21.03.2009 14:19 • #8


Hallo Elsa,

meinst du es ist wirklich richtig ohne jegliche Bezihng zu sein. Freund und Eltern sind für mich im Momnt das wichtigste, was es gibt. Ich würde Zugrunde gehen, wenn ich nicht mal mehr diesen Rückhalt hätte.....

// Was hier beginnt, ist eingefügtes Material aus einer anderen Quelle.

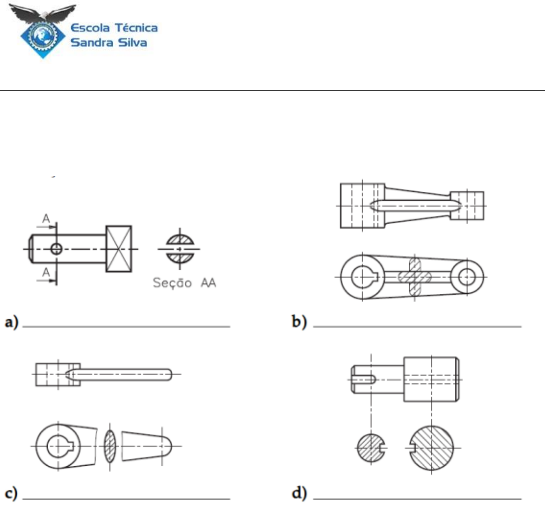 <p>1</p><p>TEMA DE TRABALHO DA AV1</p><p>Curso de Mecânica</p><p>Disciplina Desenho Técnico</p><p>1) Analise as vistas ortográficas e escreva, nas linhas indicadas, a localização das</p><p>seções.</p><p>2</p><p>2) Observe a perspectiva, em corte, e represente na vista ortográfica, a seção</p><p>correspondente.</p><p>3) Analise as perspectivas abaixo e assinale com um X as peças que podem ser</p><p>representadas com encurtamento.</p><p>4) Analise a perspectiva em corte e complete a vista frontal desenhando a linha de</p><p>ruptura e representando a seção interrompendo a vista.</p><p>3</p><p>5) Analise as vista ortográficas e escreva (C) para representação de corte e (S) para</p><p>representação de seção.</p><p>4</p><p>6) Estude as vistas ortográficas e faça o que é pedido;</p><p>a ) Faça um circulo em volta da seção representada dentro da vista sem interrompê-la;</p><p>b ) Faça um X na seção representada interrompendo a vista;</p><p>c ) Escreva, nos locais apropriados, os nomes das seções representadas fora da vista; e</p><p>d ) desenhe uma seta apontando para o encurtamento representado neste desenho.</p><p>7) Analise o modelo em perspectiva e represente a seção na vista frontal:</p><p>a) Interrompendo a vista.</p><p>5</p><p>b) sem interromper a vista.</p><p>8) Assinale com X a representação correta da seção nas projeções abaixo.</p>
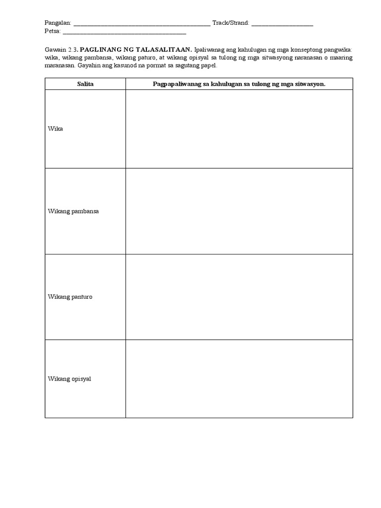 Ipaliwanag ang kahulugan ng mga konseptong pangwika. Ang wika ang nagsisilbing instrumento upang maipahiwatig natin ang ating mga sagot sa mga katanungan na atin ring magagamit sa ating mga trabaho sa. Ito ang nagsisilbing tulay ng mga tao tungo sa pagkakaintihan.
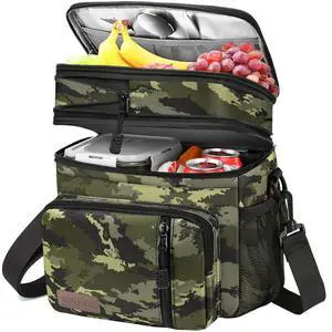 Insulated Lunch Bag & Lunch Box for Men - Double Deck Reusable Lunch Bag for Women Tote Cooler Bag Leakproof Soft Expandable - Large Lunchbox for Work/Adult/Picnic/Outdoor (Camo15L)
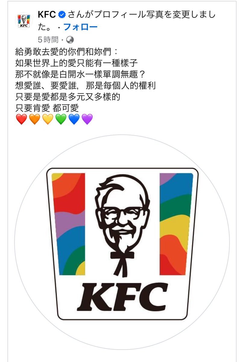 10月末の台湾プライドパレード(台北市)に合わせて、台湾ケンタッキーはロゴをレインボー色にした。#LGBTQ #台湾 #台灣同志遊行 pic.x.com/bsxjU3OjPe
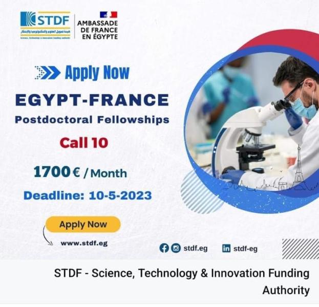أعلنت هيئة تمويل العلوم والتكنولوجيا والابتكار (STDF) عن فتح باب التقدم لبرنامج التعاون المصري الفرنسي، منحة ما بعد الدكتوراه ( الدورة العاشرة)، وذلك للتدريب العملي بمعامل فرنسا، والتعاون البحثي المشترك لمدة 6 أشهر، بدعم 1700 يورو شهريًا.
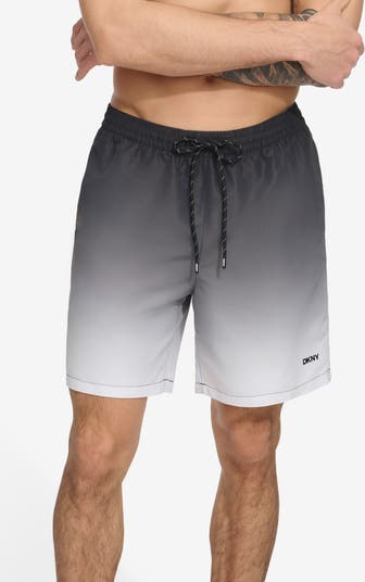 Seek out the gnarliest waves in ombré patterned swim trunks made from a fabric featuring built-in sun protection.
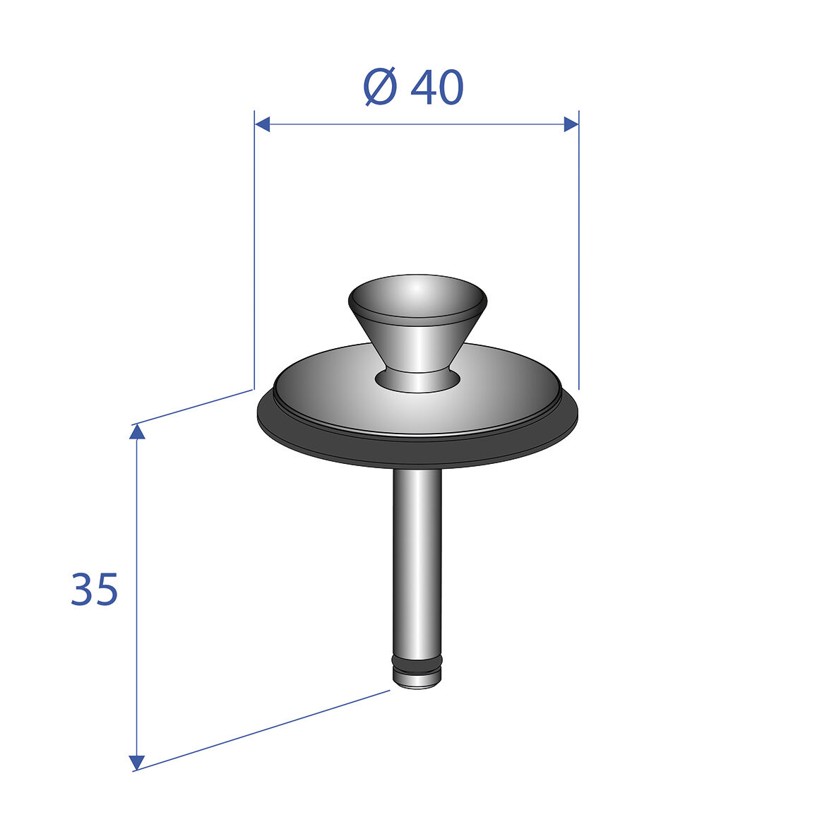 Propp till bottenventil med slät silöverdel. Med avtätning och o-ring.
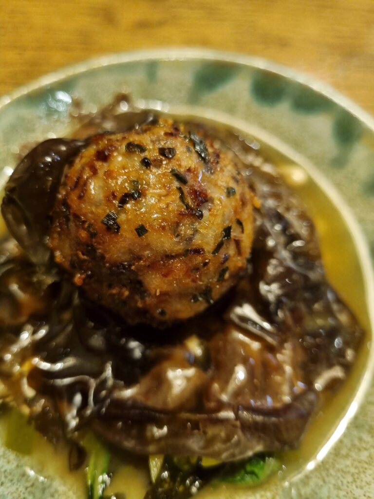 Le sigue Breca, un pez de Juan Fernández, que aparece envuelto en un tempurizado suave sobre una cama de kimchi blanco que nada en un caldo de mariscos con mostaza fermentada, ají oro y aceite de pimienta Sechuán que no pasan inadvertidos. Un repollo chino salteado al wok le regala algo de humo. La explosión de sabores es manejada por un té negro Ruby 18 de Sun Moon Lake, Taiwán, con notas herbales y especiadas, cacao y canela, de espíritu indio. El otro camino es un untuoso Aristos Baronesa, un Chardonnay del Limarí, con un dejo de mantequilla, pero también algo verde, fruta con carozo y flor blanca. En el mundo del sake está Hanagaki Kimoto, Junmai Koshu, de Fukui, Japón, que asemeja a un bourbon, dado que es guardado en barrica de roble americano, por lo que hace match desde su perfil seco, notas a chocolate, caramelo y vainilla, que son un must cuando se trata de fritura y ahumados.
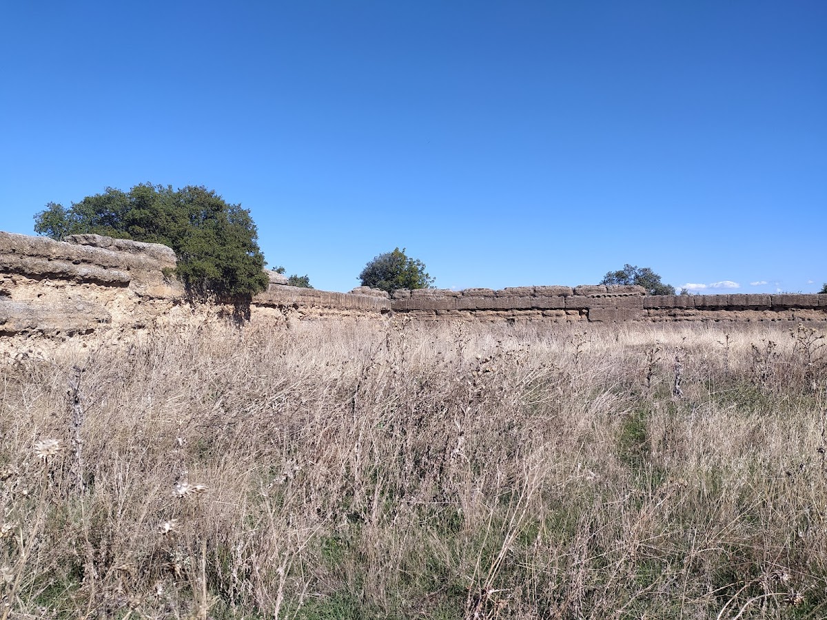 The exterior surfaces were coated with a layer of lime plaster painted in ochre color, highlighted by broad white stripes approximately two meters wide. This decorative style imitates ashlar masonry and is characteristic of Caliphal architecture, seen in other historic sites such as Córdoba’s city walls and the palatial complex of Madīnat al-Zahrā.
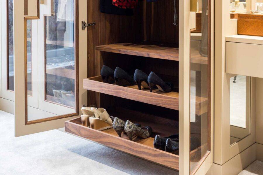 - Выдвижных ящиков для хранения аксессуаров, мелких предметов гардероба, нижнего белья. Желательно оснащать их доводчиками, обеспечивающими плавное закрывание.
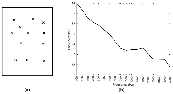 Determination of the loss factor. (a) Measurement positions over the panel tested in reverberation rooms. (b) Resulting loss factor as a function of frequency.
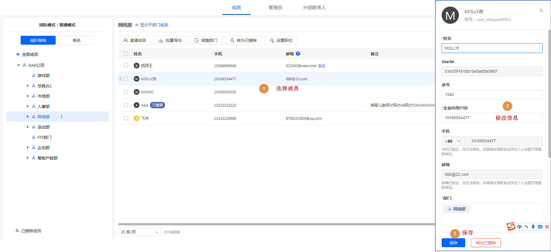 修改成员资料时,可以修改成员主部门。

Mit wem redest du über deine Gefühle? Das Internet kann ja schon hilfreich sein, aber ersetzt doch reelle Menschen und Beziehungen nicht!

21.03.2009 14:23 • #9


Hallo Wohin

Das ist bei mir ähnlich.
Meine ersten drei Lebensmonate habe ich isoliert in einer Art Brutkasten verbracht (1959, wegen Magenfunktionsstörung als Neugeborener), später wurde ich in einem mehrjährigen Trennungskrieg meiner "Eltern" von meiner eigenen Mutter emotional missbraucht, und anschliessend noch jahrelang als "Missgeburt" bezeichnet.

Bis zum heutigen Tag war ich noch zu keiner Liebesbeziehung fähig, weil mir das Vertrauen zu mir selbst, und zu anderen gefehlt hat (Angst).

Erst jetzt habe ich angefangen wirklich daran zu arbeiten, es geht, aber man braucht Hilfe dazu.